Texto 1A1-I
Não sei quando começou a necessidade de fazer listas,
mas posso imaginar nosso antepassado mais remoto riscando na
parede da caverna, à luz de uma tocha, signos que indicavam
quanto de alimento havia sido estocado para o inverno que se
aproximava ou, como somos competitivos, a relação entre nomes
de integrantes da tribo e o número de caças abatidas por cada um
deles.
Se formos propor uma hermenêutica acerca do tema,
talvez possamos afirmar que existem dois tipos de listas: as
necessárias e as inúteis. Em muitos casos, dialeticamente, as
necessárias tornam-se inúteis e as inúteis, necessárias. Tomemos
dois exemplos. Todo mês, enumero as coisas que faltam na
despensa de minha casa antes de me dirigir ao supermercado;
essa lista arrolo na categoria das necessárias.

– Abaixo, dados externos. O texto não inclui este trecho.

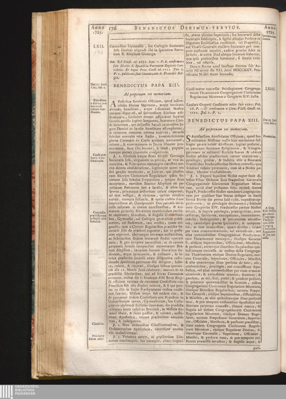 Tomus Decimus-Tertius = Continuationis Pars VII (1740) Complectens Constitutiones ab Innocentio XIII. & Benedicto XIII. editas

Por outro lado, há
pessoas que anotam suas metas para o ano que se inicia: começar
a fazer ginástica, parar de fumar, cortar em definitivo o açúcar,
ser mais solidário, menos intolerante... Essa elenco na categoria
das inúteis.
Feitas as compras, a lista do supermercado, necessária,
torna-se então inútil. A lista contendo nossos desejos de sermos
melhores para nós mesmos e para os outros, embora inútil, pois
dificilmente a cumprimos, converte-se em necessária, porque
estabelece um vínculo com o futuro, e nos projetar é uma forma
de vencer a morte.
Tudo isso para justificar o que se segue. Ninguém me
perguntou, mas resolvi organizar uma lista dos melhores
romances que li em minha vida — escolhi o número vinte, não
por motivos místicos, mas porque talvez, pela amplitude,
alinhave, mais que preferências intelectuais, uma história afetiva
das minhas leituras. Enquadro-a na categoria das listas inúteis,
mas, quem sabe, se consultada, municie discussões, já que toda
escolha é subjetiva e aleatória, ou, na melhor das hipóteses,
suscite curiosidade a respeito de um título ou de um autor.
Ocorresse isso, me daria por satisfeito.
Luiz Ruffato. Meus romances preferidos.
Internet: <brasil.elpais.com> (com adaptações).